◆ Dataset section:

# # #

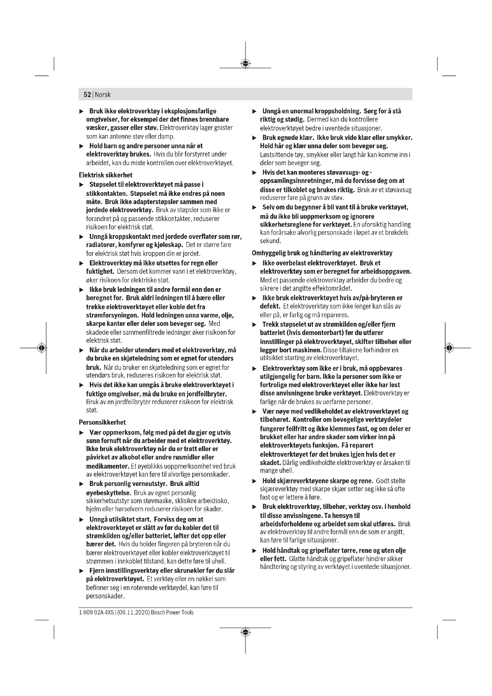 Vibrasjonsnivået og støyemisjonen som er angitt i disse anvisningene er målt i samsvar med en standardisert målemetode og kan brukes til sammenligning av elektroverktøy. Verdiene egner seg også til en foreløpig estimering av vibrasjonsnivået og støyutslippet. Angitt vibrasjonsnivå og støyutslipp representerer de hovedsakelige bruksområdene til elektroverktøyet. Men hvis elektroverktøyet brukes til andre formål, med andre innsatsverktøy eller utilstrekkelig vedlikehold, kan vibrasjonsnivået og støyutslippet avvike fra det som er angitt. Dette kan føre til en betydelig økning av vibrasjonsnivået og støyutslippet for hele arbeidstidsrommet. For en nøyaktig vurdering av vibrasjonsnivået og støyutslippet skal det også tas hensyn til de tidene verktøyet er slått av, eller går, men ikke faktisk er i bruk. Dette kan redusere vibrasjonsnivået og støyutslippet for hele arbeidstidsrommet betraktelig. Bestem ekstra sikkerhetstiltak til beskyttelse av brukeren mot vibrasjonenes virkning, som for eksempel: Vedlikehold av elektroverktøy og innsatsverktøy, holde hendene varme, organisere arbeidsforløpene. Montering u Ta alltid batteriet ut av elektroverktøyet før arbeider på elektroverktøyet utføres (f.eks. vedlikehold, verktøyskifte osv.) og før transport og oppbevaring. Det er fare for skader hvis du trykker på av/på-bryteren ved en feiltagelse. 1 609 92A 4XS | (09.11.2020) Bosch Power ToolsNorsk | 55 Opplading av batteriet u Bruk bare laderne som er oppført i de tekniske spesifikasjonene. Kun disse laderne er tilpasset til Li- ion-batteriet som er brukt i elektroverktøyet. Merk: Batteriet er delvis ladet ved levering. For å sikre full effekt fra batteriet må du lade det helt opp i laderen før første gangs bruk. Litium-ion-batteriet kan lades opp til enhver tid uten at levetiden forkortes. Det skader ikke batteriet å avbryte oppladingen. Li-Ion-batteriet har "Electronic Cell Protection (ECP)" som beskytter mot dyputladning. Når batteriet er utladet, kobles elektroverktøyet ut med en beskyttelseskobling: Innsatsverktøyet beveger seg ikke lenger. u Ikke fortsett å trykke på av/på-bryteren etter automatisk utkobling av elektroverktøyet. Batteriet kan ta skade. Fjerning av batteriet For å ta ut batteriet(6) trykker du på batteriopplåsingsknappen(5) og trekker batteriet bakover og ut av elektroverktøyet. Ikke bruk makt. Verktøyskifte (se bilde A) Hvis av/på-bryteren (8) ikke er trykt inn, låses borespindelen. Dette gir mulighet til rask, behagelig og enkelt skifte av innsatsverktøy i chucken. Åpne hurtigspennchucken (2) ved å dreie i dreieretning ➊ til verktøyet kan settes inn. Sett inn verktøyet. Skru fast hylsen på hurtigspennchucken (2) hardt i dreieretning ➋ for hånd til ingen tilbakegang høres mer. Chucken blir da automatisk låst. Støv-/sponavsuging Støv fra materialer som blyholdig maling, noen tresorter, mineraler og metall kan være helsefarlige. Berøring eller innånding av støv kan utløse allergiske reaksjoner og/eller åndedrettssykdommer hos brukeren eller personer som befinner seg i nærheten. Visse typer støv som eik- eller bøkstøv gjelder som kreftfremkallende, spesielt i kombinasjon med tilsetningsstoffer til trebearbeidelse (kromat, trebeskyttelsesmidler). Asbestholdig materiale må kun bearbeides av fagfolk. – Sørg for god ventilasjon av arbeidsplassen. – Det anbefales å bruke en støvmaske med filterklasse P2. Følg ditt lands gyldige forskrifter for de materialene som skal bearbeides. u Unngå støv på arbeidsplassen. Støv kan lett antennes. Bruk Igangsetting Innsetting av batteriet Merknad: Bruk av batterier som ikke passer til elektroverktøyet kan føre til funksjonsfeil eller skade på elektroverktøyet. Still dreieretningsomkobleren (7) på midten for å hindre utilsiktet innkobling. Sett det ladede batteriet (6) i håndtaket helt det merkes at det festes og ligger helt inntil håndtaket. Stille inn dreieretningen (se bilde B) Med dreieretningsomkobleren (7) kan du endre dreieretningen til elektroverktøyet. Dette er ikke mulig når på/av-bryteren (8) er trykt inn. Høyrerotasjon: For å bore og skru inn skruer trykker du retningsvelgeren (7) mot venstre helt til den stopper. Venstregang: For løsing hhv. utskruing av skruer og muttere trykker du dreieretningsomkobleren (7) mot høyre til den stopper. Inn-/utkobling For å slå på elektroverktøyet trykker du på av/på-bryteren (8) og holder den inne. For å slå av elektroverktøyet slipper du av/på-bryteren (8). Innstilling av turtallet Du kan regulere turtallet til det innkoblede elektroverktøyet trinnløst, avhengig av hvor langt inn du trykker av/på- bryteren (8). Et lett trykk på av/på-bryteren (8) gir lavt turtall. Turtallet stiger med økende trykk. Forhåndsinnstilling av dreiemoment Med innstillingsringen for dreiemoment(3) kan du velge mellom 20 dreiemomenttrinn og "MAX". Når innstilt dreiemoment er nådd, stopper innsatsverktøyet. Bruk trinnet "MAX" ved boring. Mekanisk girvalg u Du kan betjene girvelgeren (4) både når elektroverktøyet er stoppet og når det går. Du bør imidlertid ikke gjøre det ved full belastning eller maksimalt turtall.
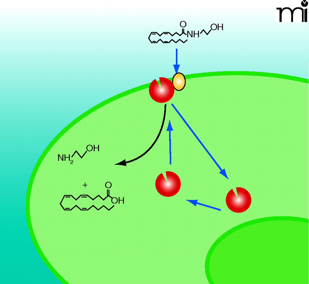 Anandamide Transport by Plasma Membrane-Associated FAAH (Model 1). This model of transport requires fatty acid amide hydrolase (FAAH, red) alone to bind anandamide from the extracellular space directly. The curved black arrow represents FAAH-mediated hydrolysis of anandamide into ethanolamine and arachidonic acid. See text for details.
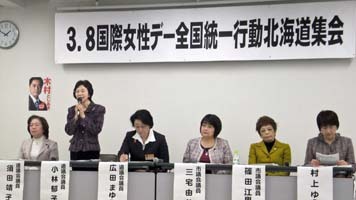 山田連合北海道女性委員会委員長からあいさつを兼ねて、3・8国際女性デーの起源、目的について話した後、4月に札幌市議選に出馬を表明している村上ゆうこ民主党中央区副代表から決意を込めたあいさつした。
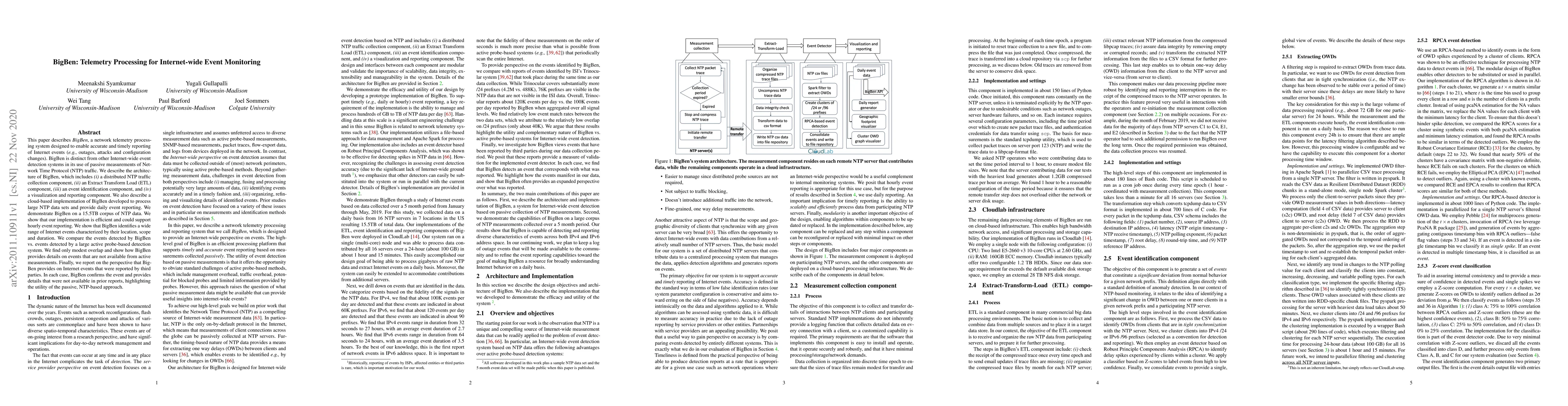 This paper describes BigBen, a network telemetry processing system designed to enable accurate and timely reporting of Internet events (e.g., outages, attacks and configuration changes). BigBen is distinct from other Internet-wide event detection systems in its use of passive measurements of Network Time Protocol (NTP) traffic. We describe the architecture of BigBen, which includes (i) a distributed NTP traffic collection component, (ii) an Extract Transform Load (ETL) component, (iii) an event identification component, and (iv) a visualization and reporting component. We also describe a cloud-based implementation of BigBen developed to process large NTP data sets and provide daily event reporting. We demonstrate BigBen on a 15.5TB corpus of NTP data. We show that our implementation is efficient and could support hourly event reporting. We show that BigBen identifies a wide range of Internet events characterized by their location, scope and duration. We compare the events detected by BigBen vs. events detected by a large active probe-based detection system. We find only modest overlap and show how BigBen provides details on events that are not available from active measurements. Finally, we report on the perspective that BigBen provides on Internet events that were reported by third parties. In each case, BigBen confirms the event and provides details that were not available in prior reports, highlighting the utility of the passive, NTP-based approach.

# # #

◆ What needs to be done: In your copy, restate the data above word for word but leave out any picture.

◆ Answer below:
 Vibrasjonsnivået og støyemisjonen som er angitt i disse anvisningene er målt i samsvar med en standardisert målemetode og kan brukes til sammenligning av elektroverktøy. Verdiene egner seg også til en foreløpig estimering av vibrasjonsnivået og støyutslippet. Angitt vibrasjonsnivå og støyutslipp representerer de hovedsakelige bruksområdene til elektroverktøyet. Men hvis elektroverktøyet brukes til andre formål, med andre innsatsverktøy eller utilstrekkelig vedlikehold, kan vibrasjonsnivået og støyutslippet avvike fra det som er angitt. Dette kan føre til en betydelig økning av vibrasjonsnivået og støyutslippet for hele arbeidstidsrommet. For en nøyaktig vurdering av vibrasjonsnivået og støyutslippet skal det også tas hensyn til de tidene verktøyet er slått av, eller går, men ikke faktisk er i bruk. Dette kan redusere vibrasjonsnivået og støyutslippet for hele arbeidstidsrommet betraktelig. Bestem ekstra sikkerhetstiltak til beskyttelse av brukeren mot vibrasjonenes virkning, som for eksempel: Vedlikehold av elektroverktøy og innsatsverktøy, holde hendene varme, organisere arbeidsforløpene. Montering u Ta alltid batteriet ut av elektroverktøyet før arbeider på elektroverktøyet utføres (f.eks. vedlikehold, verktøyskifte osv.) og før transport og oppbevaring. Det er fare for skader hvis du trykker på av/på-bryteren ved en feiltagelse. 1 609 92A 4XS | (09.11.2020) Bosch Power ToolsNorsk | 55 Opplading av batteriet u Bruk bare laderne som er oppført i de tekniske spesifikasjonene. Kun disse laderne er tilpasset til Li- ion-batteriet som er brukt i elektroverktøyet. Merk: Batteriet er delvis ladet ved levering. For å sikre full effekt fra batteriet må du lade det helt opp i laderen før første gangs bruk. Litium-ion-batteriet kan lades opp til enhver tid uten at levetiden forkortes. Det skader ikke batteriet å avbryte oppladingen. Li-Ion-batteriet har "Electronic Cell Protection (ECP)" som beskytter mot dyputladning. Når batteriet er utladet, kobles elektroverktøyet ut med en beskyttelseskobling: Innsatsverktøyet beveger seg ikke lenger. u Ikke fortsett å trykke på av/på-bryteren etter automatisk utkobling av elektroverktøyet. Batteriet kan ta skade. Fjerning av batteriet For å ta ut batteriet(6) trykker du på batteriopplåsingsknappen(5) og trekker batteriet bakover og ut av elektroverktøyet. Ikke bruk makt. Verktøyskifte (se bilde A) Hvis av/på-bryteren (8) ikke er trykt inn, låses borespindelen. Dette gir mulighet til rask, behagelig og enkelt skifte av innsatsverktøy i chucken. Åpne hurtigspennchucken (2) ved å dreie i dreieretning ➊ til verktøyet kan settes inn. Sett inn verktøyet. Skru fast hylsen på hurtigspennchucken (2) hardt i dreieretning ➋ for hånd til ingen tilbakegang høres mer. Chucken blir da automatisk låst. Støv-/sponavsuging Støv fra materialer som blyholdig maling, noen tresorter, mineraler og metall kan være helsefarlige. Berøring eller innånding av støv kan utløse allergiske reaksjoner og/eller åndedrettssykdommer hos brukeren eller personer som befinner seg i nærheten. Visse typer støv som eik- eller bøkstøv gjelder som kreftfremkallende, spesielt i kombinasjon med tilsetningsstoffer til trebearbeidelse (kromat, trebeskyttelsesmidler). Asbestholdig materiale må kun bearbeides av fagfolk. – Sørg for god ventilasjon av arbeidsplassen. – Det anbefales å bruke en støvmaske med filterklasse P2. Følg ditt lands gyldige forskrifter for de materialene som skal bearbeides. u Unngå støv på arbeidsplassen. Støv kan lett antennes. Bruk Igangsetting Innsetting av batteriet Merknad: Bruk av batterier som ikke passer til elektroverktøyet kan føre til funksjonsfeil eller skade på elektroverktøyet. Still dreieretningsomkobleren (7) på midten for å hindre utilsiktet innkobling. Sett det ladede batteriet (6) i håndtaket helt det merkes at det festes og ligger helt inntil håndtaket. Stille inn dreieretningen (se bilde B) Med dreieretningsomkobleren (7) kan du endre dreieretningen til elektroverktøyet. Dette er ikke mulig når på/av-bryteren (8) er trykt inn. Høyrerotasjon: For å bore og skru inn skruer trykker du retningsvelgeren (7) mot venstre helt til den stopper. Venstregang: For løsing hhv. utskruing av skruer og muttere trykker du dreieretningsomkobleren (7) mot høyre til den stopper. Inn-/utkobling For å slå på elektroverktøyet trykker du på av/på-bryteren (8) og holder den inne. For å slå av elektroverktøyet slipper du av/på-bryteren (8). Innstilling av turtallet Du kan regulere turtallet til det innkoblede elektroverktøyet trinnløst, avhengig av hvor langt inn du trykker av/på- bryteren (8). Et lett trykk på av/på-bryteren (8) gir lavt turtall. Turtallet stiger med økende trykk. Forhåndsinnstilling av dreiemoment Med innstillingsringen for dreiemoment(3) kan du velge mellom 20 dreiemomenttrinn og "MAX". Når innstilt dreiemoment er nådd, stopper innsatsverktøyet. Bruk trinnet "MAX" ved boring. Mekanisk girvalg u Du kan betjene girvelgeren (4) både når elektroverktøyet er stoppet og når det går. Du bør imidlertid ikke gjøre det ved full belastning eller maksimalt turtall.
 Anandamide Transport by Plasma Membrane-Associated FAAH (Model 1). This model of transport requires fatty acid amide hydrolase (FAAH, red) alone to bind anandamide from the extracellular space directly. The curved black arrow represents FAAH-mediated hydrolysis of anandamide into ethanolamine and arachidonic acid. See text for details.
 山田連合北海道女性委員会委員長からあいさつを兼ねて、3・8国際女性デーの起源、目的について話した後、4月に札幌市議選に出馬を表明している村上ゆうこ民主党中央区副代表から決意を込めたあいさつした。
 This paper describes BigBen, a network telemetry processing system designed to enable accurate and timely reporting of Internet events (e.g., outages, attacks and configuration changes). BigBen is distinct from other Internet-wide event detection systems in its use of passive measurements of Network Time Protocol (NTP) traffic. We describe the architecture of BigBen, which includes (i) a distributed NTP traffic collection component, (ii) an Extract Transform Load (ETL) component, (iii) an event identification component, and (iv) a visualization and reporting component. We also describe a cloud-based implementation of BigBen developed to process large NTP data sets and provide daily event reporting. We demonstrate BigBen on a 15.5TB corpus of NTP data. We show that our implementation is efficient and could support hourly event reporting. We show that BigBen identifies a wide range of Internet events characterized by their location, scope and duration. We compare the events detected by BigBen vs. events detected by a large active probe-based detection system. We find only modest overlap and show how BigBen provides details on events that are not available from active measurements. Finally, we report on the perspective that BigBen provides on Internet events that were reported by third parties. In each case, BigBen confirms the event and provides details that were not available in prior reports, highlighting the utility of the passive, NTP-based approach.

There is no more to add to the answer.